My friend and I ordered a version of this in a Manhattan bar and even greedy I was embarrassed at the speed at which we inhaled them. They were delicious -- cooked until they fell in on themselves, with little pockets of charred goodness here and there, yummily punctuated by the added surprise of a spicy shishito pepper in the mix every so often. The peppers were slicked with olive oil and a spice mix that tasted very familiar but could not place.
When pressed, our waiter laughed at us. "The seasoning mix from the little packet that comes in instant ramen" he said. Since the bar we were in was on the high-end side of things, I snobbishly did not believe him and have been trying to recreate this snack ever since, until I finally broke down and bought a package of instant ramen just to see. He had not been teasing me.
These are definitely worth making to serve with drinks.

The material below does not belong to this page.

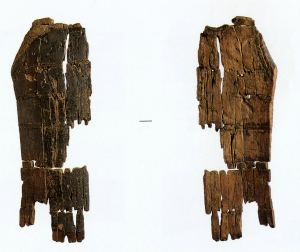 そんな時は、復元品を作ってしまえ! 手先の器用な調査員の一人が、その後、復元品を作成しました。これによって、あれこれと装着を繰り返してみた結果、身長150㎝ぐらいなら、前胴としてもほとんど動きの妨げとならないこと。逆に後胴とした方が、腰の動きなどが苦しくなる可能性があることなどがわかってきました。今ではこれを前胴と決定し、木製短甲には木製短甲独自の形状があったと考えるようになりました。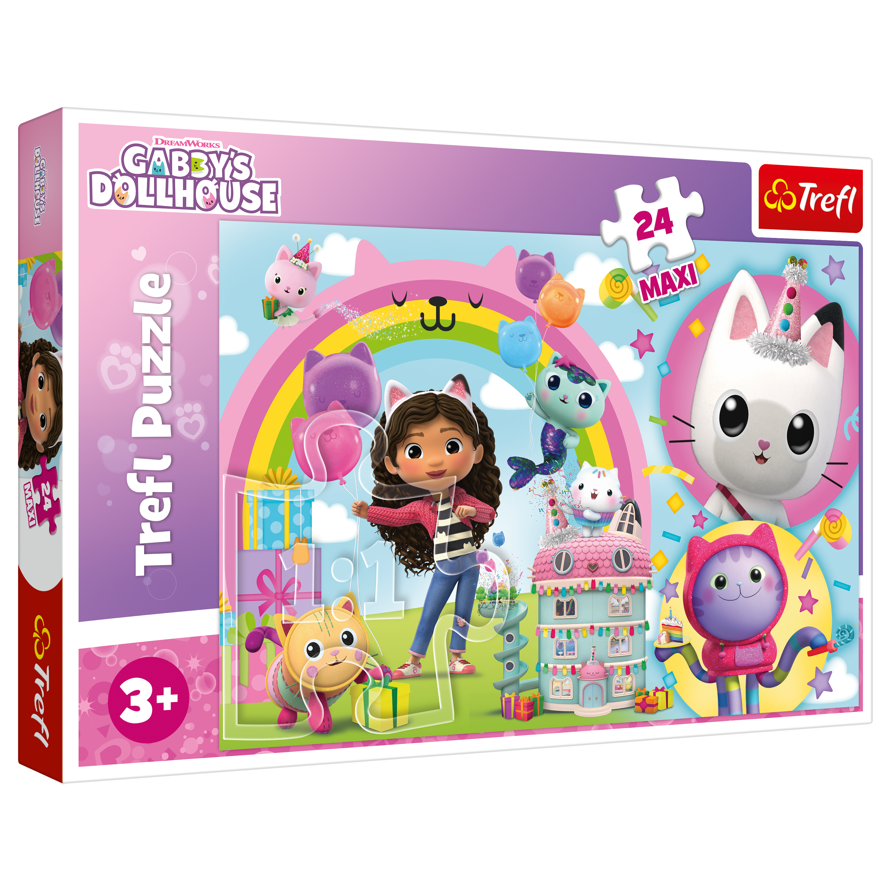Puzzle stworzone specjalnie z myślą o dzieciach powyżej 3. Roku życia. Układankę tworzą 24 bardzo duże puzzlowe elementy, dzięki czemu młodsze dzieci poradzą sobie z samodzielnym ułożeniem obrazka. Po ułożeniu powstaje piękny obrazek w rozmiarze maxi. Zabawa rozwija zdolności manualne, spostrzegawczość i daje radość samodzielnego tworzenia. Dużym atutem jest piękna grafika z bohaterami ulubionych bajek.

If, like me, you are not a huge fan of instant ramen spice packets, the closest I have come is to sprinkle the peppers with a half teaspoon of Old Bay, a quarter teaspoon of garlic powder, a little freshly ground ginger, and more salt than I might usually think was good for me...
1 6 oz package of shishito peppers
2 tsps olive oil
2 instant ramen seasoning packets
Juice from 1/2 a lemon
Liberal sprinkling of flaky salt
Heat a large skillet over medium high heat for about a minute.
Lower the heat to medium and add the olive oil and the shishito peppers and spread them in one layer. Cook undisturbed for 30 seconds before shaking the pan to redistribute the peppers. Cook the peppers until they are tender (about 3 minutes total), making sure to shake the pan every thirty seconds or so so that they get a bit charred on all sides and acquire a thin sheen of oil.
Remove from the heat and sprinkle with the lemon juice, toss to distribute. Then do the same with the salt and the seasoning.
Serve at once, pipping hot and watch this disappear in faster time than you made it.
This is a four minute and thirty seven second to the table dish.